Matrix differentiation with respect to the middle matrix

218 Views Asked by At

I have $\alpha = w'B'x$, where $\alpha$ is a scalar, and $w$, $B$, and $x$ are vectors or matrices with the following dimensions (the prime denotes transpose):

  • $w_{(k-1) * 1}$
  • $B_{p * (k-1)}$
  • $x_{p*1}$

How do I take the derivative with respect to $B$? That is, how do I simplify $\dfrac{\partial \alpha}{\partial B}$?

Context: I am trying to solve a minimization problem with respect to $B$, so I need to take the first derivative. The minimization problem is $argmin_B \dfrac{(R-w'B'x)^2}{f(x)}$.

3

There are 3 best solutions below

5
On

$\alpha$ is a linear map with respect to $B$. Therefore, its derivative at any point is $\alpha$ itself.

So here

$$\frac{\partial \alpha}{\partial B}\cdot H= w^\prime H^\prime x$$ where I imagine you use the prime to denote the transpose.

0
On

Generally speaking, if you want to take the derivative of a tensor $T$ of rank $k$ w.r.t. another tensor $X$ of rank $l$, the derivative can be encoded in a rank $k+l$ tensor

$$ \frac{{\rm d} T}{{\rm d} X} = \Big(\frac{{\rm d} T_{\mathbf i}}{{\rm d} X_{\mathbf j}}\Big)_{\mathbf i, \mathbf j} $$

Where $\mathbf i, \mathbf j$ are appropriate multi-indices. (Ignoring upper/lower index distinction for simplicity)

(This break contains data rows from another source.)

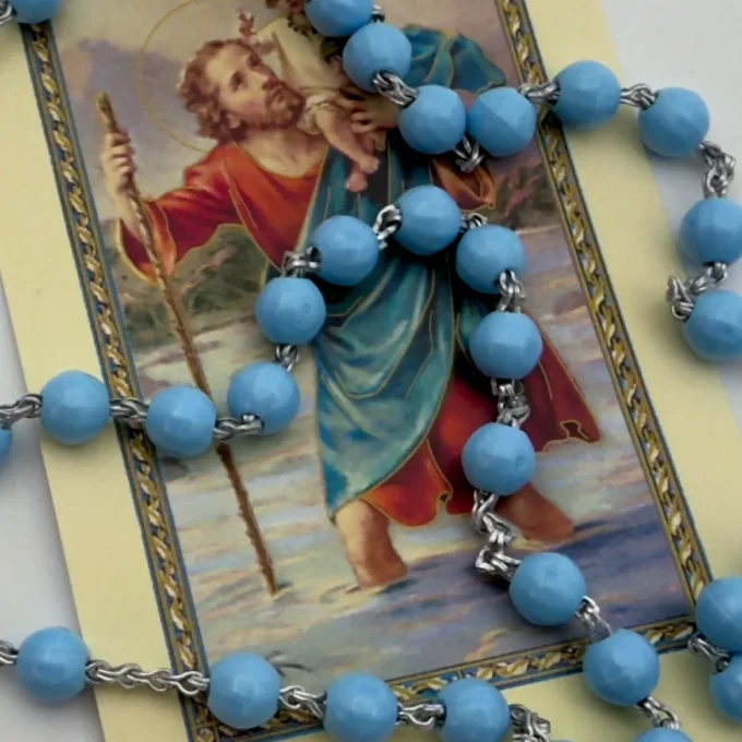 Chapelet aux perles phosphorescentes vert pâle : il capte la lumière le jour et l’émet dans l’obscurité pour veiller à la prière du soir.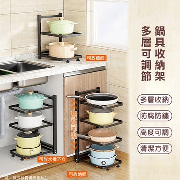 廚房鍋架 多層置物架 下水槽放鍋具架 廚房收納架 廚具收納 不鏽鋼置物架 多功能可調整架子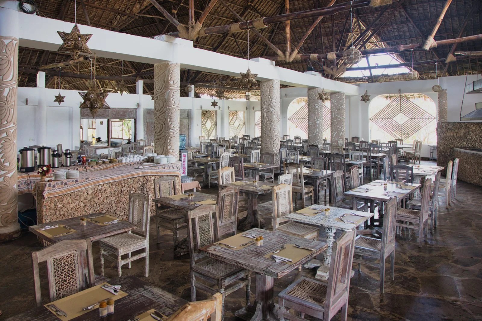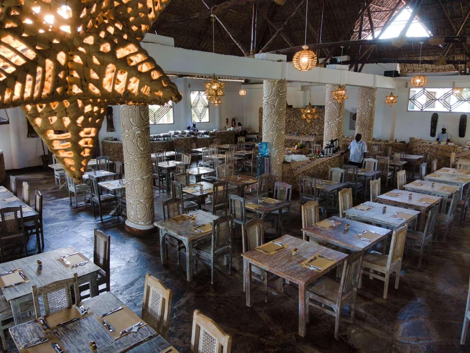 1 ristorante a buffet, che organizza una volta a settimana cena tematica con specialità della cucina Swahili e 2 bar di cui uno presso la spiaggia. A pagamento su prenotazione, ristorante à la carte che propone cene a lume di candela servite in spiaggia.
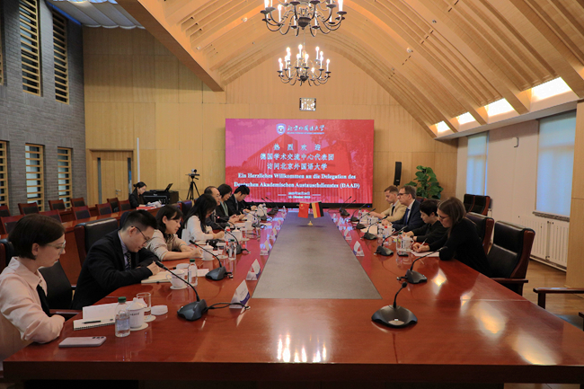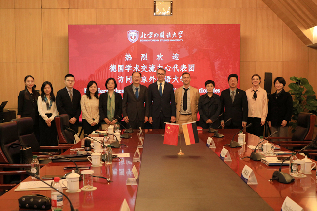 10月14日,德国学术交流中心(DAAD)秘书长凯·西克斯(Kai Sicks)一行访问北京外国语大学,北外校长、党委副书记贾文键会见代表团一行。

Now, given vectors $u\in\mathbb R^m$, $v\in\mathbb R^n$ consider the function $$f\colon \mathbb R^{m\times n}\to\mathbb R, A\mapsto u^T \cdot A \cdot v = \sum_{kl} A_{kl} u_k v_l$$ Then, by the definition above $f'(A)$ can be expressed as

$$ \frac{{\rm d} u^T A v}{{\rm d} A} = \Big( \frac{\sum_{kl} A_{kl} u_k v_l}{{\rm d}A_{ij}} \Big)_{ij} = ( u_i v_j)_{ij} = uv^T $$

Which encodes a linear function $\mathbb R^{m\times n}\to\mathbb R$ via $X\mapsto \langle f'(A), X\rangle = \langle uv^T, X\rangle = u^T X v$, where $\langle \cdot, \cdot\rangle$ is the natural (Frobenius) inner product on $\mathbb R^{m\times n}$. This is of course just an instance of Riesz' representation theorem, which tells us that any linear function $\mathbb R^{m\times n}\to\mathbb R$ can be expressed as $X\mapsto \langle V, X\rangle$ for some matrix $V$.

0
On

$ \def\a{\alpha}\def\b{\beta}\def\p{\partial} \def\L{\left}\def\R{\right}\def\LR#1{\L(#1\R)} \def\trace#1{\operatorname{Tr}\LR{#1}} \def\grad#1#2{\frac{\p #1}{\p #2}} $Use a colon to denote the matrix inner product, which is a convenient notation for the trace $$\eqalign{ A:B &= \sum_{i=1}^m\sum_{j=1}^n A_{ij}B_{ij} \;=\; \trace{A^TB} \\ A:A &= \big\|A\big\|^2_F \\ }$$ Treating vectors as rectangular matrices $(n=1)$ this corresponds to the usual dot product $$\eqalign{ a:b \;=\; a\cdot b \;=\; a^Tb \\ }$$ Write the $\a$ function using this notation, then calculate its differential and gradient $$\eqalign{ \a &= wx^T:B \\ d\a &= wx^T:dB \\ \grad{\a}{B} &= wx^T \\\\ }$$ Note that the properties of the underlying trace function allow the terms in the matrix inner product to be rearranged in several different ways, e.g. $$\eqalign{ A:B &= B:A \\ A:B &= A^T:B^T \\ C:AB &= A^TC:B = CB^T:A \\ }$$